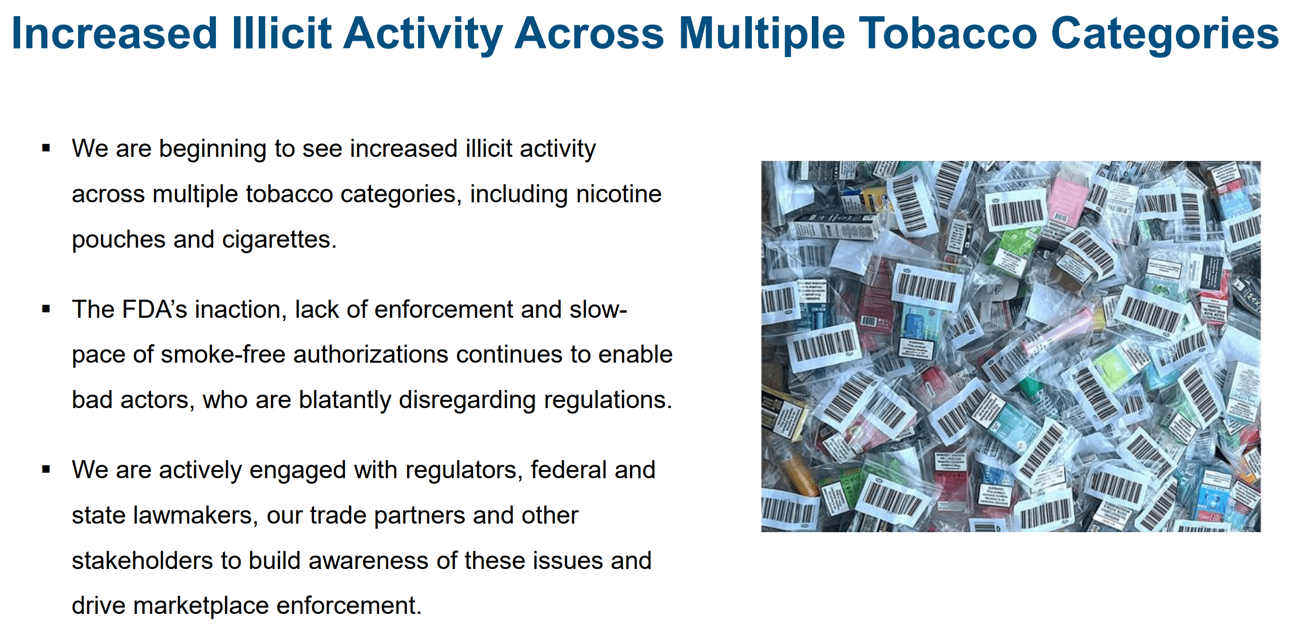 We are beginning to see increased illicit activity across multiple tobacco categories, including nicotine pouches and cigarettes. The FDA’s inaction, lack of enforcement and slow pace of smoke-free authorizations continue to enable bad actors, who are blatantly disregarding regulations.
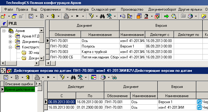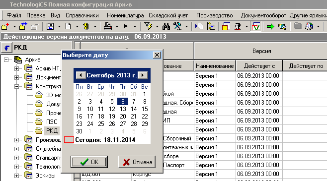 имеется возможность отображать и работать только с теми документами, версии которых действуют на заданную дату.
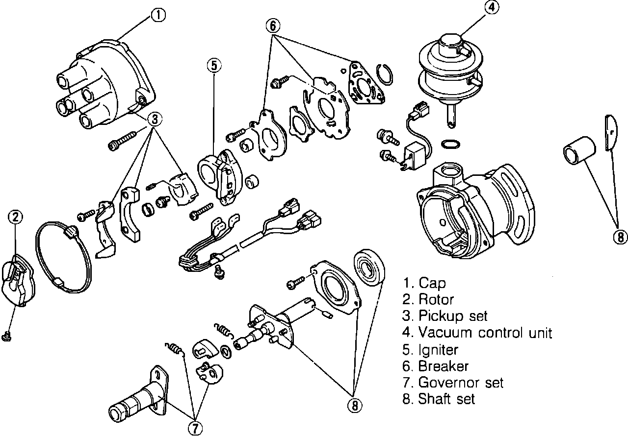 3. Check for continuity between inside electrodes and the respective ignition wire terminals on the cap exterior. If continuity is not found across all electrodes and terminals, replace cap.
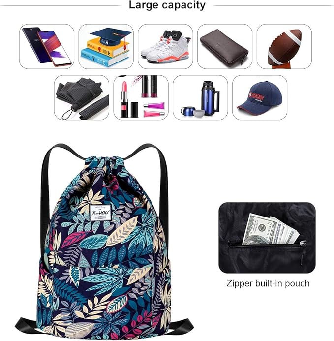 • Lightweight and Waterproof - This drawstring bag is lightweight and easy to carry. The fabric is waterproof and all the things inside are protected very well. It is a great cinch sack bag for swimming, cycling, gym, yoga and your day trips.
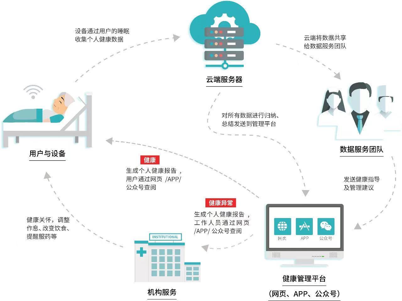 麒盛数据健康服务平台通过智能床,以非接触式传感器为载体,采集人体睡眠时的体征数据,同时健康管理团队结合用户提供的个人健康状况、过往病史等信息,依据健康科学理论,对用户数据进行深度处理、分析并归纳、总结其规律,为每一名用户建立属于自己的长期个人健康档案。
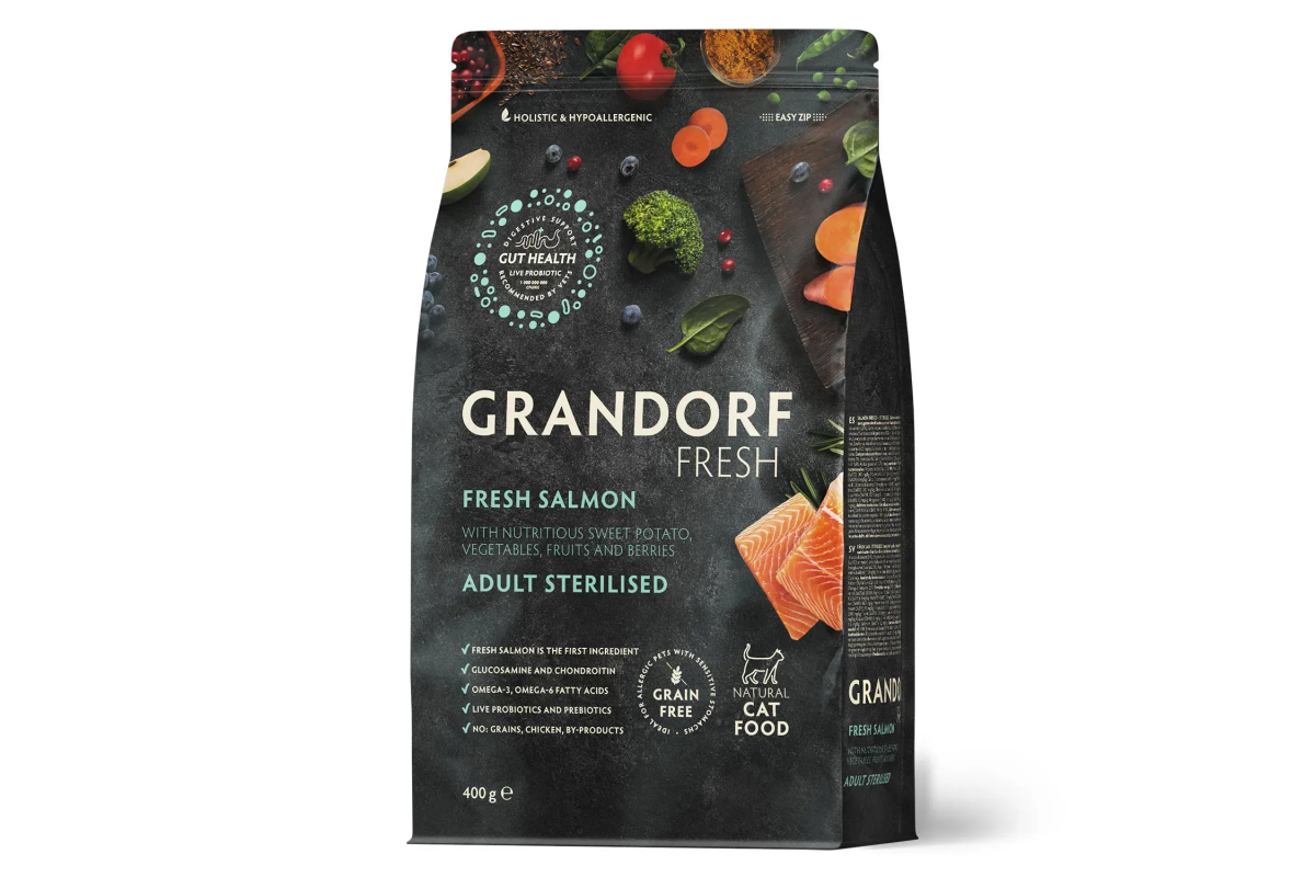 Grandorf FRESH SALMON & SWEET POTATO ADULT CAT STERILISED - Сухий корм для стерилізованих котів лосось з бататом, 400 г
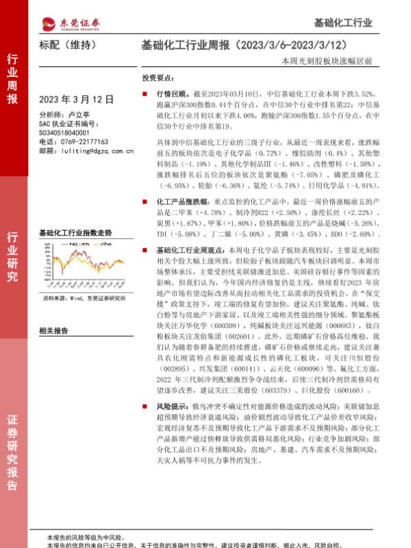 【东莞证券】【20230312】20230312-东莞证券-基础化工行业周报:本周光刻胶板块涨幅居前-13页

──────────

• _WHAT YOU SHOULD DO_:
Print the material in full and exactly, minus the pictures.

• _RESULT FOR THIS TASK_:
 We are beginning to see increased illicit activity across multiple tobacco categories, including nicotine pouches and cigarettes. The FDA’s inaction, lack of enforcement and slow pace of smoke-free authorizations continue to enable bad actors, who are blatantly disregarding regulations.
 имеется возможность отображать и работать только с теми документами, версии которых действуют на заданную дату.
 3. Check for continuity between inside electrodes and the respective ignition wire terminals on the cap exterior. If continuity is not found across all electrodes and terminals, replace cap.
 • Lightweight and Waterproof - This drawstring bag is lightweight and easy to carry. The fabric is waterproof and all the things inside are protected very well. It is a great cinch sack bag for swimming, cycling, gym, yoga and your day trips.
 麒盛数据健康服务平台通过智能床,以非接触式传感器为载体,采集人体睡眠时的体征数据,同时健康管理团队结合用户提供的个人健康状况、过往病史等信息,依据健康科学理论,对用户数据进行深度处理、分析并归纳、总结其规律,为每一名用户建立属于自己的长期个人健康档案。
 Grandorf FRESH SALMON & SWEET POTATO ADULT CAT STERILISED - Сухий корм для стерилізованих котів лосось з бататом, 400 г
 【东莞证券】【20230312】20230312-东莞证券-基础化工行业周报:本周光刻胶板块涨幅居前-13页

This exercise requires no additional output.